There is nothing worse for non-smokers than inhaling the waft of second-hand smoke from someone’s cigarette. And it can seriously affect your lifestyle in apartment living, as well as your health.
Currently, Victorian laws only allow Owners Corporations to make rules that completely ban smoking in common areas such as shared courtyards. Smoke emanating from private property can be more difficult to control for the Owners Corporation.
As owners are still permitted to smoke on their private property and consequently, it can be difficult to rule against them even if their second-hand smoke is entering common property.
Notwithstanding, the Victorian Owners Corporation Regulations 2007 (Model Rule 1.1) stipulates “A lot owner or occupier must not use the lot, or permit it to be used, so as to cause a hazard to the health, safety and security of an owner, occupier, or user of another lot”.
On that basis, your Owners Corporation Manager could reasonably assess that any smoke emanating from private property has exposed you to second-hand smoke, which represents a health hazard to you and therefore placing the other owner in breach of this regulation.
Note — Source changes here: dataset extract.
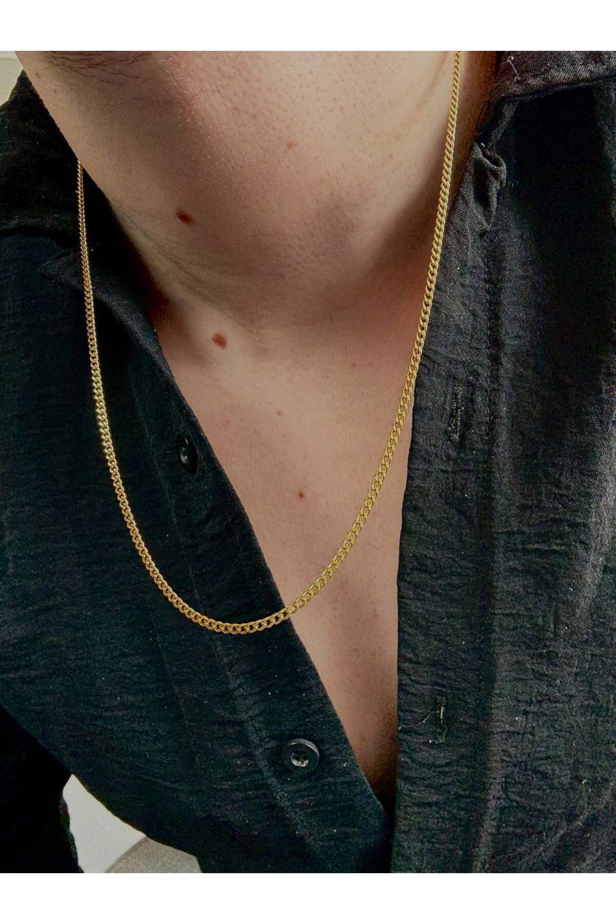 Arvens Erkek Gold Paslanmaz Çelik Zincir Kolye Renk Atmaz Solma Yapmaz Unısex Solmaz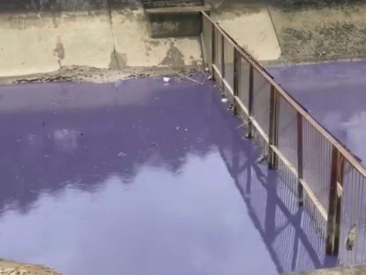 Người dân lo lắng khi nước tại khu vực kênh tiêu 19.5 bất ngờ chuyển màu tím kéo dài hàng trăm mét. (Ảnh cắt từ clip/Facebook)

The best process is to try to raise this issue with your neighbour and come to a resolution amicably.
If this fails or is not possible, check that your Owners Corporation rules contain Model Rule 1.1, then you may lodge a formal complaint with the Owners Corporation in relation to their alleged breach of the Model Rules.
Your complaint should be on a Formal Complaint form and outline the alleged breach, noting that your health is being negatively impacted.
You may also request that your Owners Corporation creates a specific rule about smoking to be banned on Common Property. This will require a special resolution.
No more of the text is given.